(Stored data)
------------------------------------

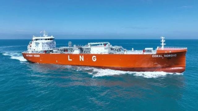 10月12日,中国船舶集团有限公司旗下江南造船(集团)有限责任公司为荷兰船东AnthonyVeder公司设计、建造的30000立方米液化天然气(LNG)运输船“CoralNordic”号在上海签字交付。图片来源:《中国船舶报》官方微信
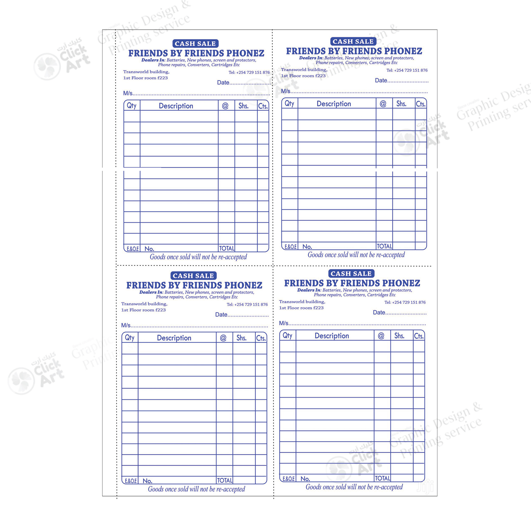 At clickarts.store, we provide complete design support for your 4-Up Bill Book (A4) to ensure a professional and print-ready finish. Our experienced design team works closely with you to create a layout that matches your business identity and billing needs.
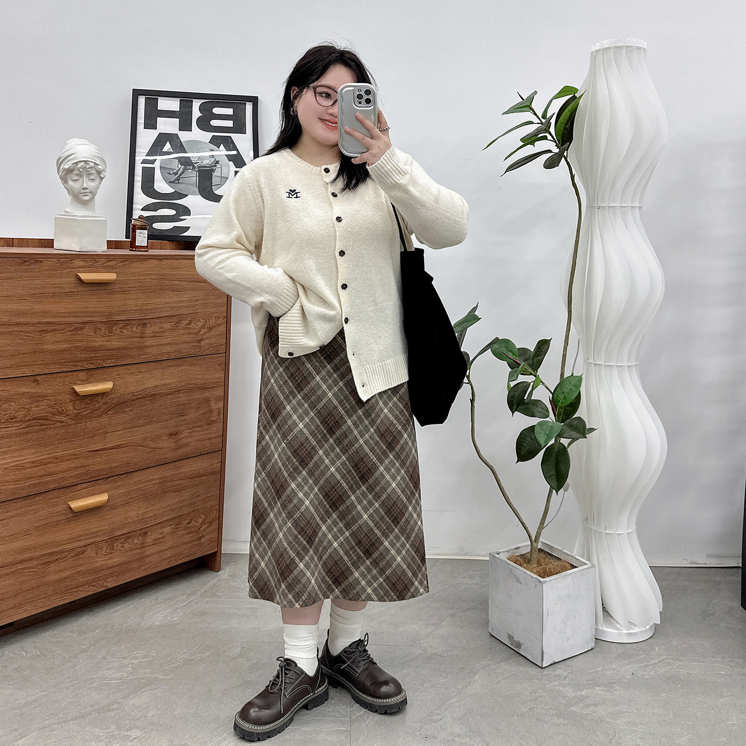 淘宝大码复古黑色格子毛呢半身裙女胖mm微胖秋冬高腰包臀a字格纹短裙
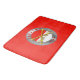 This rug is just as pictured! Vibrant Red and very soft material, nice to step in out of the tub!  Matches my set of accessories and  shower curtain! A must have to add some whimsy to your bathroom! Very nice, vibrant and clear print! Beautiful!
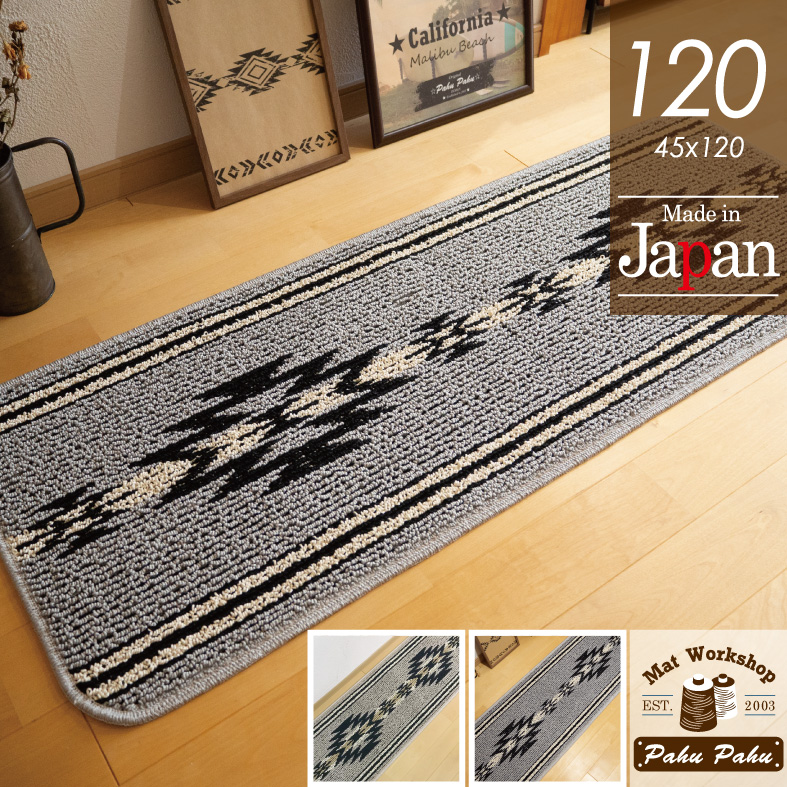 キッチンマット 120 滑り止め おしゃれ かっこいい ネイティブ オルテガLA 45x120

------------------------------------

Task directions: None of the pictures belongs in the answer, but all the entries must be repeated exactly.

Reply to the task:
 10月12日,中国船舶集团有限公司旗下江南造船(集团)有限责任公司为荷兰船东AnthonyVeder公司设计、建造的30000立方米液化天然气(LNG)运输船“CoralNordic”号在上海签字交付。图片来源:《中国船舶报》官方微信
 At clickarts.store, we provide complete design support for your 4-Up Bill Book (A4) to ensure a professional and print-ready finish. Our experienced design team works closely with you to create a layout that matches your business identity and billing needs.
 淘宝大码复古黑色格子毛呢半身裙女胖mm微胖秋冬高腰包臀a字格纹短裙
 This rug is just as pictured! Vibrant Red and very soft material, nice to step in out of the tub!  Matches my set of accessories and  shower curtain! A must have to add some whimsy to your bathroom! Very nice, vibrant and clear print! Beautiful!
 キッチンマット 120 滑り止め おしゃれ かっこいい ネイティブ オルテガLA 45x120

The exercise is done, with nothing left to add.